My recent trip to Orbital Sciences, the rocket and satellite manufacturer located outside Washington, was so interesting that I decided to devote another column to the company.

It took several years to get the interview with Orbital’s chief executive and co-founder, David W. Thompson. The 58-year-old rocket scientist had a lot to say about the business of space travel, and about how to keep the excitement pumped up at a hit-driven company built on space exploration.

Orbital, based in Dulles, has $1.4 billion in annual revenue. The company has existed for about 30 years, 22 of them as a public company. Half of the company’s 3,600 employees are rocket scientists or engineers. About 2,000 work in the Washington area.

Thompson has a bachelor’s degree from the Massachusetts Institute of Technology, a master’s degree from the California Institute of Technology, and a master’s from Harvard Business School.

A big chunk of our 90-minute interview focused on what he looks for when recruiting employees, where he finds them and how he competes with Wall Street for the math whizzes who are critical to sending rockets into space.

You have several former astronauts on your staff. Why do you hire former astronauts?

The same reason we like to hire kids from MIT and Georgia Tech, Michigan and CalTech. They’ve already been pre-selected. They have a strong interest in our business, and they’ve made it through some other gantlets.

Astronauts go through a lot of gantlets. These days it’s not so much that they’re the best test pilots, although many of them are, but they’ve got to be pretty smart, pretty highly motivated and pretty well-rounded people.

They’ve got to know how to be leaders. For instance, Frank Culbertson, who sits right down the hall. Frank was a naval aviator, test pilot, became an astronaut. But he had to know how to lead people under adverse conditions and be well spoken.
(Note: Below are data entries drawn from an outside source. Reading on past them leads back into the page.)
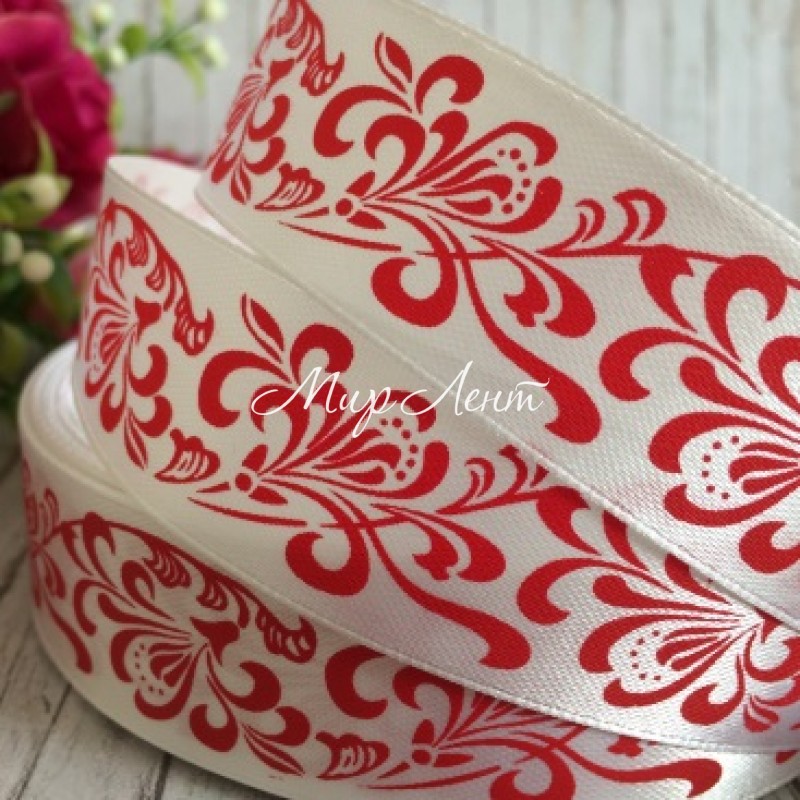 - Код товара: Атлас 2,5 см, орнамент, бело-красный
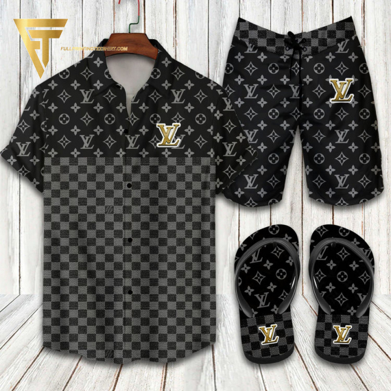 lv2 Black Grey Classic Version Luxury Brand Hawaiian Shirt And Shorts Or Flip flops HG
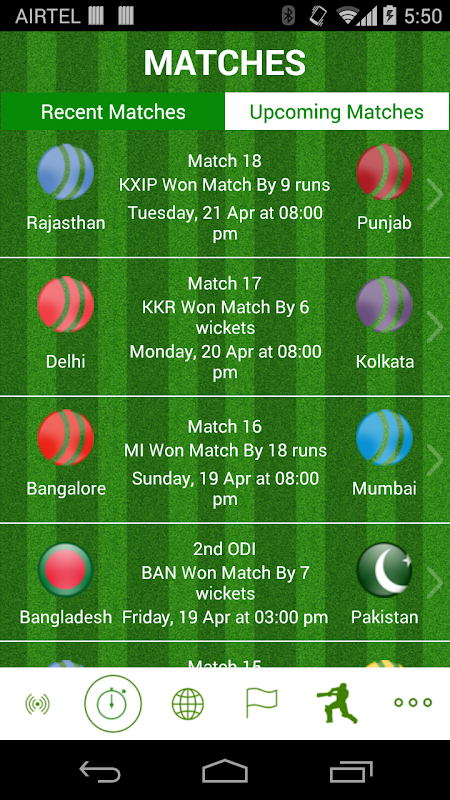 View the score-card of recently played matches with this cricket score app.
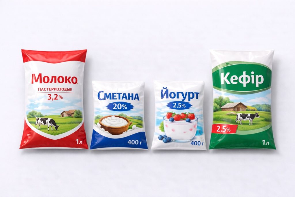 • Пакування молока, кефіру, ряжанки — у форматі “пакет-подушка”.
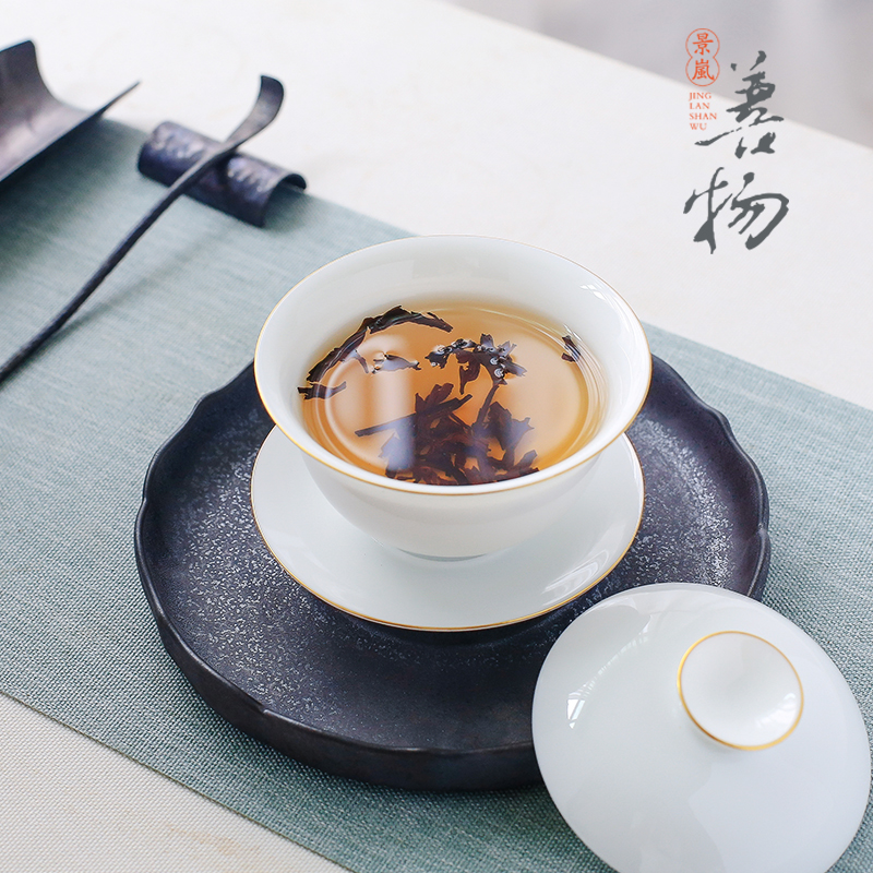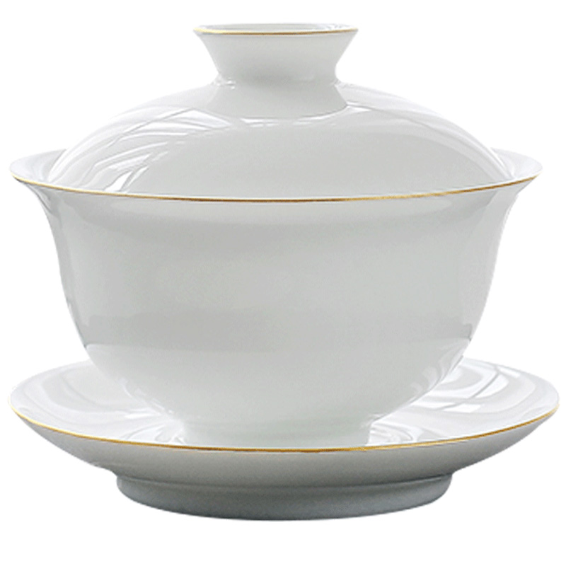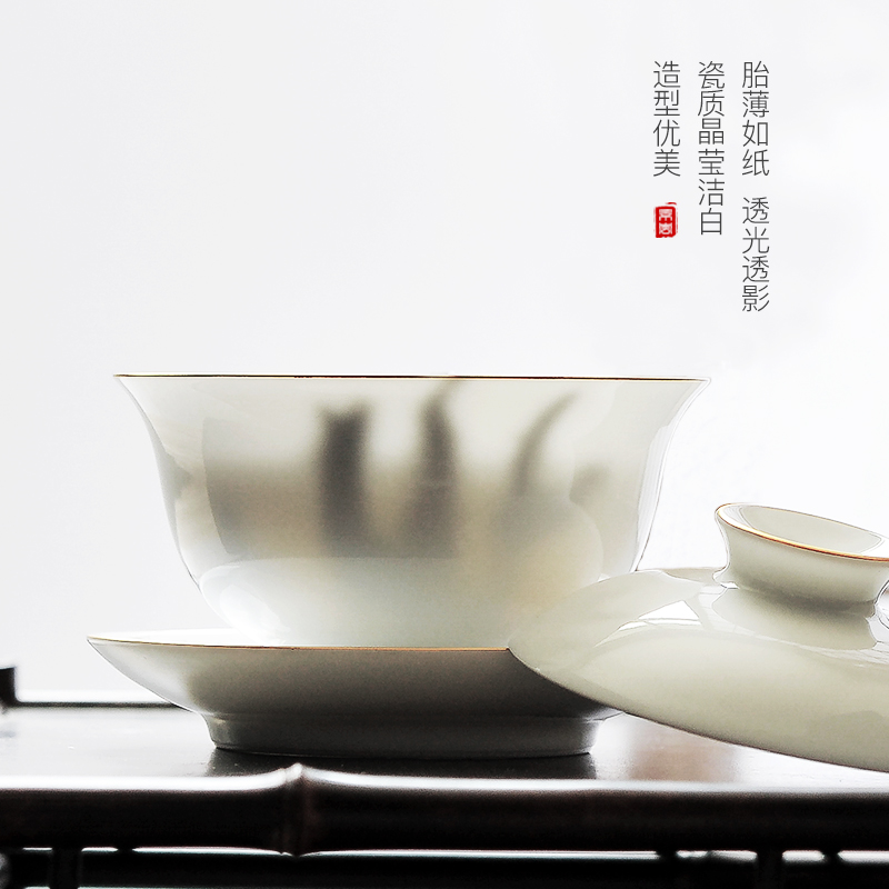 Handmade Sancai Gaiwan Teacup Tea Set Jingdezhen White Porcelain Thin Tire Ceramic Kung Fu Tea Bowl Set Home Large

He had to have good technical background. He had to really understand, particularly in Frank’s case, intimately, what the human space flight market is really all about.

Frank commanded several space shuttle missions. He was the only American alive at the time who was not on planet Earth on 9/11. He and two Russians were on the space station. He was the second U.S. commander on the space station.

We’ve got three or four or five [astronauts], I guess.

How do you compete for people who could make millions running algorithms for Wall Street hedge funds?

It’s not really that hard.

The stuff we do is what those kids like me have wanted to do for a long time . . . t he excitement of being able to build something that’s going to explore the universe or connect up most of the people around the world with one another, or help defend the country and do so with projects where they make a real difference.

Maybe a small fraction of them decide they don’t want to be in this industry and decide they’re going to go to Wall Street to make algorithms for hedge funds.

But most of them want to be in this business. So we get more than our fair share, and it’s because things move fast here. If you go to a big company and work on a big satellite program, you’re going to be working on that program for seven or eight years before you see something coming out at the other end of the pipe.

Here, you come here and you work for seven or eight years, you’ll go through three complete cycles of conceiving, designing, building, delivering, helping a customer learn how to operate a satellite or doing the same thing on a rocket.

So the pace is faster. The team that you’re going to be part of is smaller, so what you do has a bigger impact.

Do you hire right out of college?

Yeah. Quite a lot. There are probably 3,000 to 4,000 kids that graduate [in the United States] every year with aerospace engineering or very closely related degrees.

What universities do you recruit from?

At the top of the list are MIT, Georgia Tech, Purdue, University of Michigan, CalTech, University of Colorado, Texas.

Once you get in, what qualities are necessary to be a success here?

You’ve got to have pretty good engineering or scientific skills. But you’ve also got to have pretty serviceable interpersonal characteristics. Most of what we do, we accomplish through small teams.

So we would generally shy away from a lone ranger who doesn’t play well with others.

We try to encourage technical people to have a little broader view of the business than just their immediate assignment so they can see how everything connects.

So we teach an internal [course]. We call it the Orbital Academy.

For instance, we teach a class on spacecraft design and launch-vehicle design, but we also teach a class in business fundamentals and finance, accounting, things like that. So people get a little broader view of what it is that we do and why we do some things . . . why we make some of the decisions we make.

A lot of your success is hit-driven: the next big rocket, the next big satellite. So your people have to always be shooting for the next big thing. How do you keep that spirit of vitality and urgency?

It’s tricky.

There is no one big secret. There are multiple terms in the equation — from the kind of people we recruit to the way we’re organized to the kind of suppliers we work with to the design of the product.

Earlier this year, we teamed up with and were selected [by] and are being funded by a small company that Paul Allen, the Microsoft co-founder, set up to develop a really big version of [the Pegasus rocket] that could launch people one of these days into space.

The company is called Stratolaunch. They are in the process of building the world’s largest airplane out in California.

This super-Pegasus, which we figured is 12 times bigger than the current one we developed, would go under the airplane. This airplane has a wingspan of about 350 feet. So basically, if you lined it up with the Capitol Building, it would stretch the whole length of the Capitol Building.

Do you think it’s going to work?

As long as Paul keeps putting money in it.